For the past two or so months, we’ve been able to sit with Andrew Bird’s latest experimental EP, I Want to See Pulaski at Night. It’s raw, sparse, experimental, and beautiful. It features Bird’s inventive violin work, looping both percussively and melodically over lilting rhythmic accompaniment. It’s eerily haunting at times and tranquil at others.
Then again, that description could be applied to most of Bird’s work. So what’s remarkable about Pulaski?
Well, consider that it’s an entire EP built around a single, centerpiece song: “Pulaski at Night”, which also happens to be the only track on the record with a vocal. The EP’s six other tracks are instrumentals, ranging in length from just one to an impressive eight minutes.
The experience of listening to Pulaski is pretty revelatory: it reveals that Andrew Bird’s remarkable talents on violin alone can’t carry an entire pop record.
Pulaski is Andrew Bird distilled and filtered until the rawest, purest form of his music is left behind. He’s less adventurous with instrumentation — we don’t get the steel drums or saxophone like we saw on his previous full-length effort Break It Yourself. Most of the instrumentals are baroque in style and in nomenclature, with “Hover I” and “Hover II” taking up two tracks, implying two related but separate movements. The record is bookended by “Ethio Invention no. 1” at the open and “Ethio Invention no. 2” to close it out.
It was smart to break up the tracks this way. Had Bird not done so, the record would run the risk of being monotonous. The “Ethio” tracks share a gorgeous, jaunting texture overlayed with expert violin flourishes. Both “Hover”s are slow, warm, orchestral ballads that show just how much sound an expert can put out with so few tools. Bird is really filling the room. Even on subpar sound systems, the music conveys a real sense of space.
Bird is at his most raw here. Occasional miscues are left in for the sake of purity. You can hear what must be a wooden bow set down onto a metal music stand several times throughout the record. And I swear I hear the familiar clack of a MacBook Pro space bar more than once, no doubt running some ProTools iteration that allows Bird to add layer upon layer to his sonic parfait. Or maybe I’m crazy.
But for all that, it can’t go without saying that 27 of this record’s 32 minutes are the same two or three instruments playing in the same style, with no hooks, choruses, lyrics, or any real structure to speak of. Song titles indicate common aural themes but those are vague at best and hard to grab onto. If you came looking for more of Bird’s introspective, classically inspired indie pop or folk, you’ll find little of it.

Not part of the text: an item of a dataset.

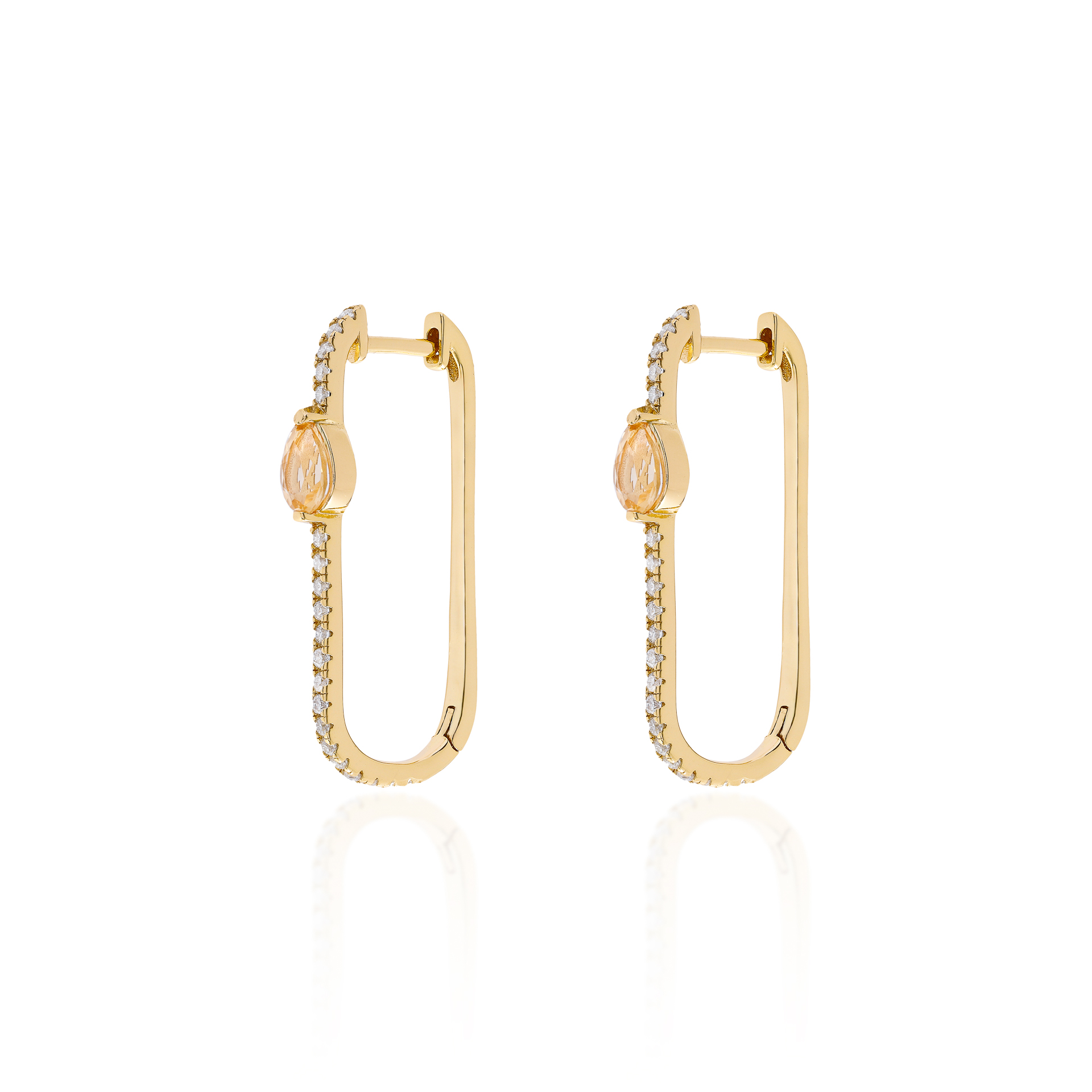 Brinco Argola Meia Cravação Citrino Gota – Dourado

Is I Want to See Pulaski at Night a worthwhile experiment? Maybe. It rings arbitrary and aimless, something his earlier stuff might be accused of, but I think it’s finally a valid concern here. It’s so pure it borders on sterile.
Yet It certainly makes you appreciate what Bird is capable of. With his classically trained background and pedigree as a concert musician, he has every right to indulge in a record this divorced from the pop and indie ecosystem. But this is PopMatters, not SeniorRecitalMatters, so we’re going to have to look at it that way.
On those terms, Bird has been better — but perhaps not more interesting.